- [WHAT YOU WILL DO] Quote every line of the data below as it stands, omitting pictures.

- [MATERIAL PROVIDED]
-------------------------

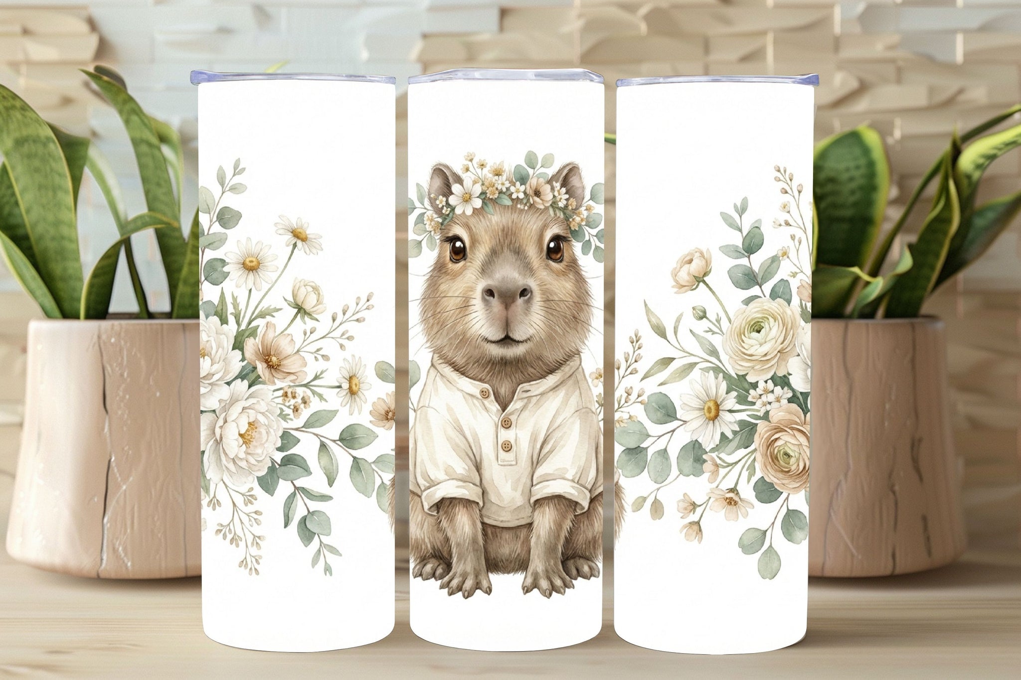 This Floral Capybara design features an adorable capybara dressed in a neutral outfit, crowned with delicate florals and surrounded by elegant boho greenery. With its calming earth tones and gentle cottage-inspired style, this tumbler is perfect for animal lovers, nursery-inspired aesthetics, and anyone who loves cute, peaceful designs.
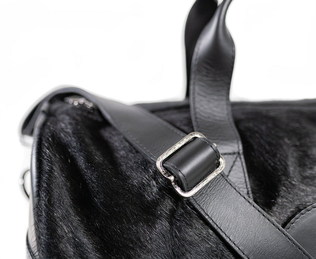 Black Leather Duffle Bag – Black Cowhide Accents
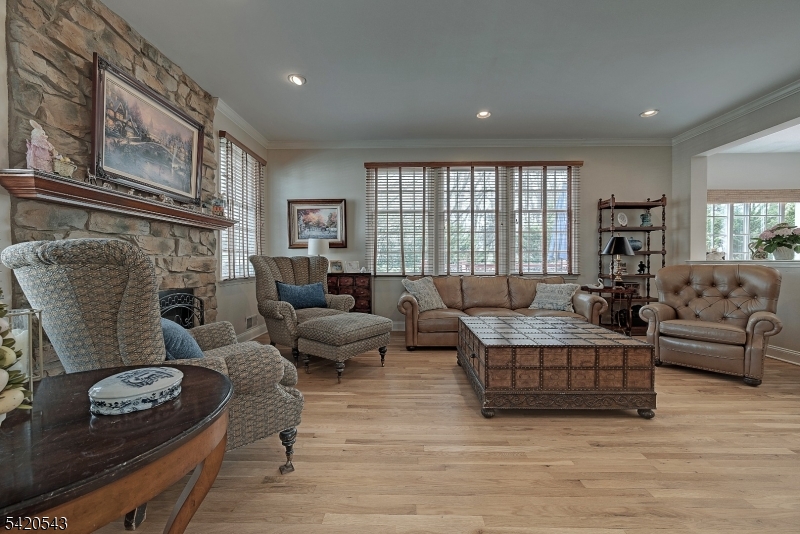 Nestled on a cul de sac, this stately and beautifully maintained colonial perched on meticulously manicured grounds is not to be missed. The dramatic 2 story entry (gorgeous walls are painted not wallpaper) welcomes you into this 5 bedroom, 3 full bath home perfect for entertaining. Brand new hardwood floors on first floor (Feb 2026), eat in kitchen with island and granite countertops, formal dining room, living room, and family room with fireplace. A bedroom/den, full bath and laundry room completes the first floor. Primary bedroom with high ceiling, updated bath (3 yrs) and walk in closet with door to additional storage. Large finished basement spans width of the house and offers plenty of storage. . **BRAND NEW ROOF AND GUTTERS just installed on 3/29/2026 with lifetime guarantee. This beauty is located close to school, parks, shopping, town pool.
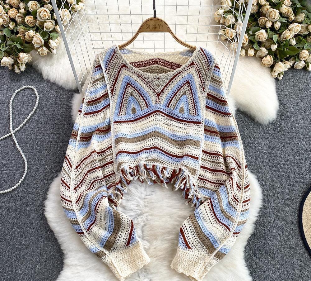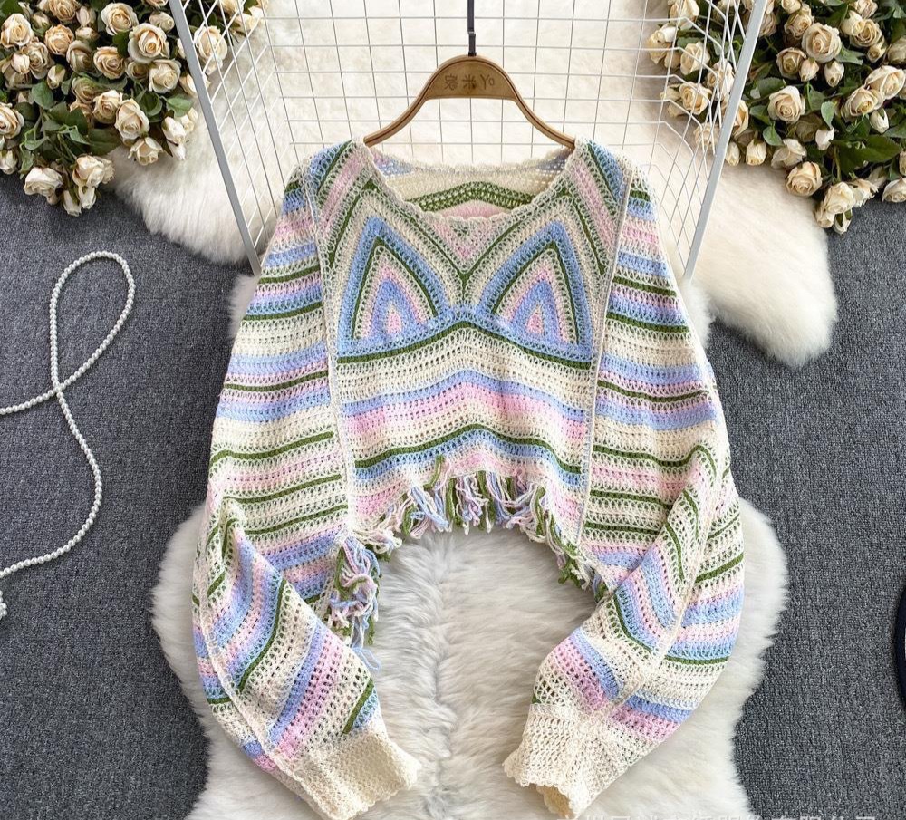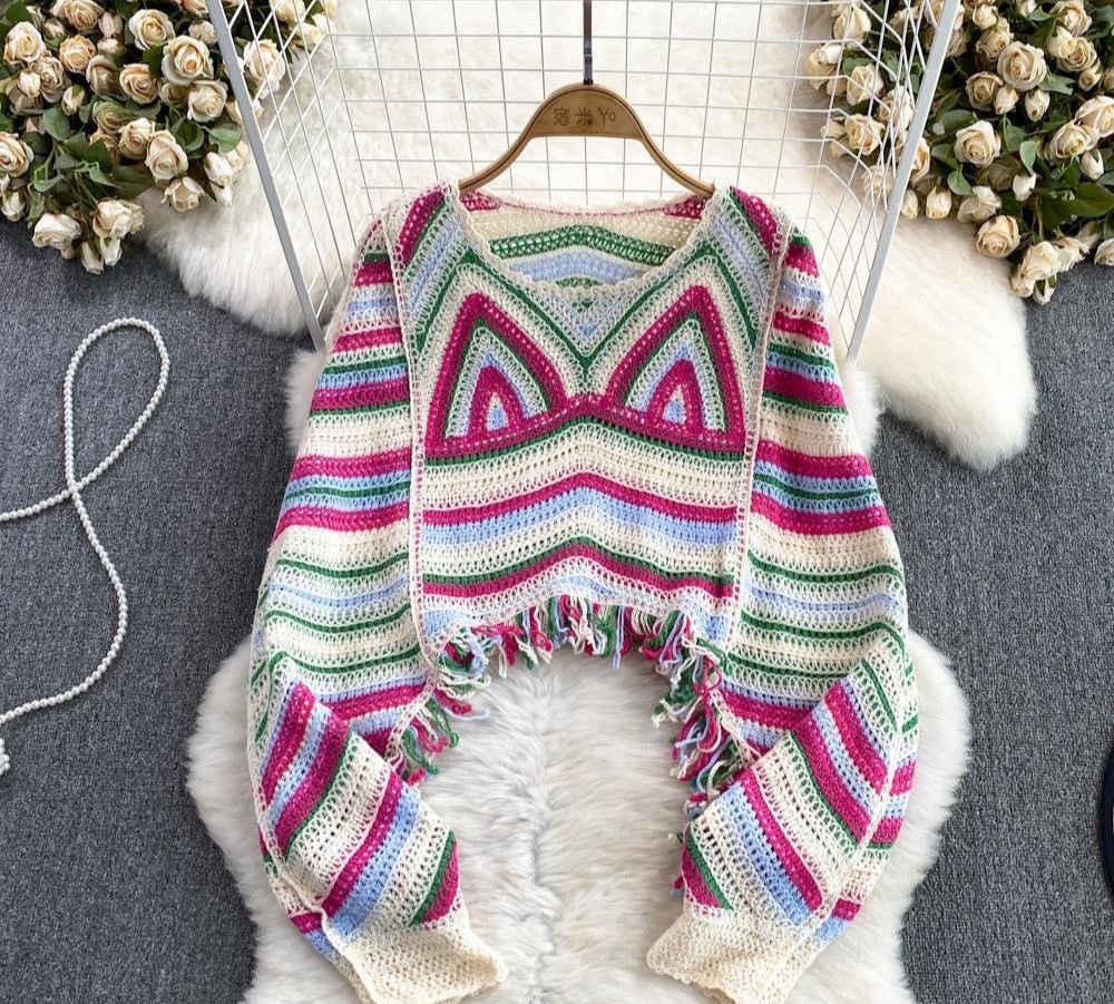 بلوزة نسائية فضفاضة باكمام طويلة من الكروشية

-------------------------

- [COMPLETED TASK]
 This Floral Capybara design features an adorable capybara dressed in a neutral outfit, crowned with delicate florals and surrounded by elegant boho greenery. With its calming earth tones and gentle cottage-inspired style, this tumbler is perfect for animal lovers, nursery-inspired aesthetics, and anyone who loves cute, peaceful designs.
 Black Leather Duffle Bag – Black Cowhide Accents
 Nestled on a cul de sac, this stately and beautifully maintained colonial perched on meticulously manicured grounds is not to be missed. The dramatic 2 story entry (gorgeous walls are painted not wallpaper) welcomes you into this 5 bedroom, 3 full bath home perfect for entertaining. Brand new hardwood floors on first floor (Feb 2026), eat in kitchen with island and granite countertops, formal dining room, living room, and family room with fireplace. A bedroom/den, full bath and laundry room completes the first floor. Primary bedroom with high ceiling, updated bath (3 yrs) and walk in closet with door to additional storage. Large finished basement spans width of the house and offers plenty of storage. . **BRAND NEW ROOF AND GUTTERS just installed on 3/29/2026 with lifetime guarantee. This beauty is located close to school, parks, shopping, town pool.
 بلوزة نسائية فضفاضة باكمام طويلة من الكروشية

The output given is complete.